SAIDResearch

LAM

SAID‑LAM‑v1

LAM (Linear Attention Models) — a new family beyond semantic transformers.
SAID‑LAM‑v1 is Linear Attention Memory.

PHILOSOPHY: DETERMINISM OVER PROBABILITY

"The answer IS X. Because I Said so." — At ANY scale


Menu

  1. Quick-setup
  2. MTEB testing (benchmarks)
  3. Model Details
  4. Performance
  5. Drop-in sentence-transformers Replacement
  6. Usage
  7. API Reference
  8. Model Files
  9. Citation
  10. Links

Model Details

Property Value
Model Category LAM (Linear Attention Models) — SAID-LAM-v1: Linear Attention Memory
Parameters 23,848,788
Embedding Dimension 384
Max Context Length 32,768 tokens
Memory Usage ~95 MB
Complexity O(n) linear — time AND memory
Framework Pure Rust (Candle) — no PyTorch required
Package Size ~6 MB binary + 92 MB weights (auto-downloaded)
License Apache 2.0 (weights) / Proprietary (code)

Performance

O(n) Linear Scaling

LAM scales linearly with input length — empirically validated up to 1M words with R²=1.000, with memory growth from ~0 MB at small inputs up to ~15 MB at 1M words:

LAM O(n) Scaling

STS-B Semantic Quality

Spearman r = 0.8181 on the STS-B test set (1,379 sentence pairs):

STS-B Scatter Plot

MTEB LongEmbed Benchmarks

Combined LongEmbed score (SAID-LAM-v1, average over all six tasks): ~91.0%.

Task Score
LEMBNeedleRetrieval 100.00%
LEMBPasskeyRetrieval 100.00%
LEMBNarrativeQARetrieval 69.93%
LEMBSummScreenFDRetrieval 96.59%
LEMBQMSumRetrieval 85.76%
LEMBWikimQARetrieval 93.98%

LongEmbed SOTA comparison

Task SAID-LAM-v1 (23M) Global SOTA
LEMBNeedleRetrieval 100.00% 100.00%
LEMBPasskeyRetrieval 100.00% 100.00%
LEMBNarrativeQARetrieval 69.93% 66.10%
LEMBSummScreenFDRetrieval 96.59% 99.10%
LEMBQMSumRetrieval 85.76% 83.70%
LEMBWikimQARetrieval 93.98% 91.20%

Quick-setup

This quick setup ensures:

  • Code is loaded from your pip-installed said-lam package (not a local checkout).
  • Weights are loaded from the Hugging Face cache (auto-downloaded on first run).

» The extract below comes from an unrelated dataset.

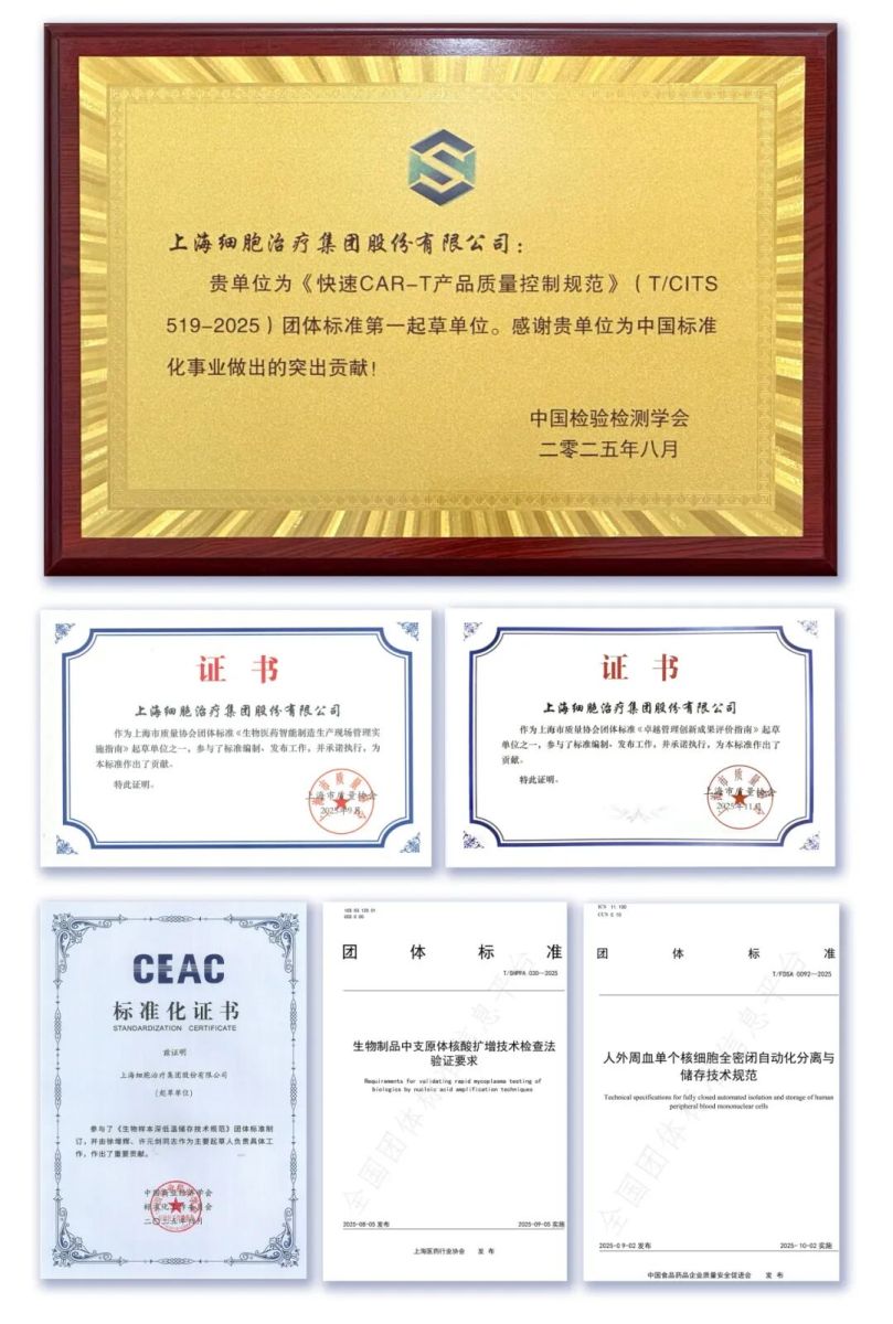 2025年,集团主导发布了6项关键技术标准,覆盖快速制备CAR-T产品质量控制、生物医药智能制造、生物制品支原体NAT检查法方法验证、全密闭自动分离与储存等关键环节,为行业提供了可操作、可评价的技术准则。其中,作为第一起草单位制定的《快速CAR-T产品质量控制规范》团体标准,经中国检验检测学会发布后,成为行业质量控制的重要参考。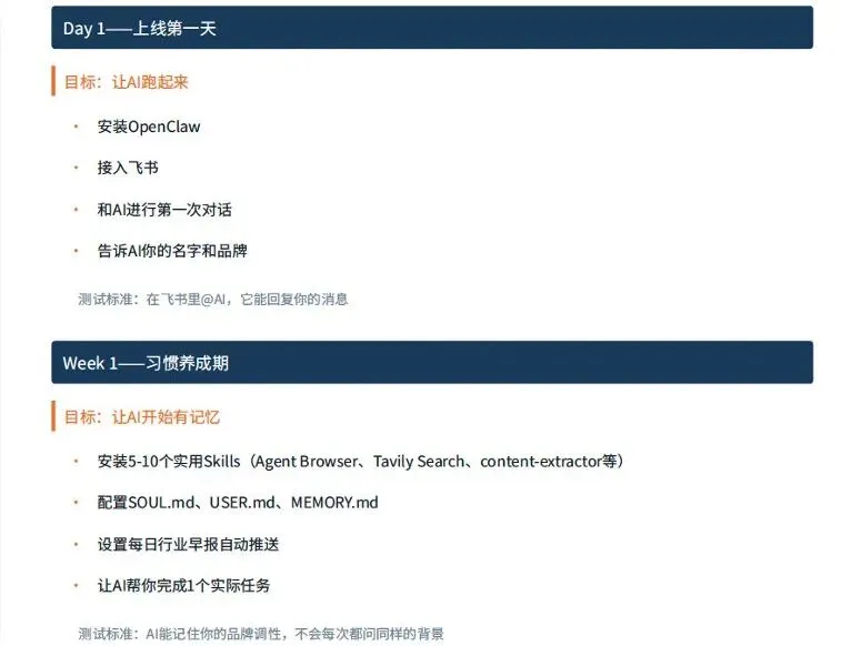 从“让AI跑起来”到“让AI成为专属数字员工”,手册为你规划清晰的90天「龙虾」成长路径,每周、每月都有明确目标+验收标准,不用盲目摸索,每一步都走得踏实,让你的AI从“幼年虾”一步步进化为“能打硬仗的职业虾”。

venv is the standard, recommended way to keep dependencies isolated. You can install globally, but using a virtual environment avoids conflicts.

macOS / Linux (bash, zsh)

cd /path/to/your/project

# 1) Create & activate a clean virtualenv
python3 -m venv .venv
. .venv/bin/activate
python -m pip install --upgrade pip

# 2) Install SAID-LAM (CPU)
pip install said-lam

# 3) Run the quick end-to-end sanity test (CPU)
python said_quick_test.py

Windows (PowerShell)

cd C:\path\to\your\project

# 1) Create & activate a clean virtualenv
py -m venv .venv
.\.venv\Scripts\Activate.ps1
py -m pip install --upgrade pip

# 2) Install SAID-LAM (CPU)
pip install said-lam

# 3) Run the quick end-to-end sanity test (CPU)
py .\said_quick_test.py

If PowerShell blocks activation, run this once (then retry the activate step):

Set-ExecutionPolicy -ExecutionPolicy RemoteSigned -Scope CurrentUser

GPU upgrade (CUDA) uses a separate package. Uninstall CPU first to avoid namespace conflicts (both use import said_lam):

pip uninstall -y said-lam
pip install --upgrade said-lam-gpu

# Run the same quick test on CUDA (if available)
python said_quick_test.py

Windows (PowerShell) equivalent:

pip uninstall -y said-lam
pip install --upgrade said-lam-gpu
py .\said_quick_test.py

MTEB testing (benchmarks)

For full benchmark-style evaluation (STS tasks, LongEmbed retrieval tasks, cache controls, and result JSON export), use mteb_test.py. This is a heavier workflow than said_quick_test.py and is intended for evaluation/benchmarking:

CPU:

. .venv/bin/activate
pip install -r requirements.txt mteb

# CPU smoke (fast coverage)
python mteb_test.py --smoke --device cpu --no-cache --output-dir ./smoke_results_cpu

# Example: run specific tasks
python mteb_test.py --tasks STS12 STS13 --device cpu --no-cache --output-dir ./results_cpu

GPU (CUDA):

. .venv/bin/activate
pip uninstall -y said-lam
pip install --upgrade said-lam-gpu
pip install -r requirements.txt mteb

# GPU smoke (fast coverage)
python mteb_test.py --smoke --device cuda --no-cache --output-dir ./smoke_results_gpu

# Example: run specific tasks
python mteb_test.py --tasks STS12 STS13 --device cuda --no-cache --output-dir ./results_gpu

If no CUDA device is available in the current runtime, the GPU wheel may fall back to CPU automatically.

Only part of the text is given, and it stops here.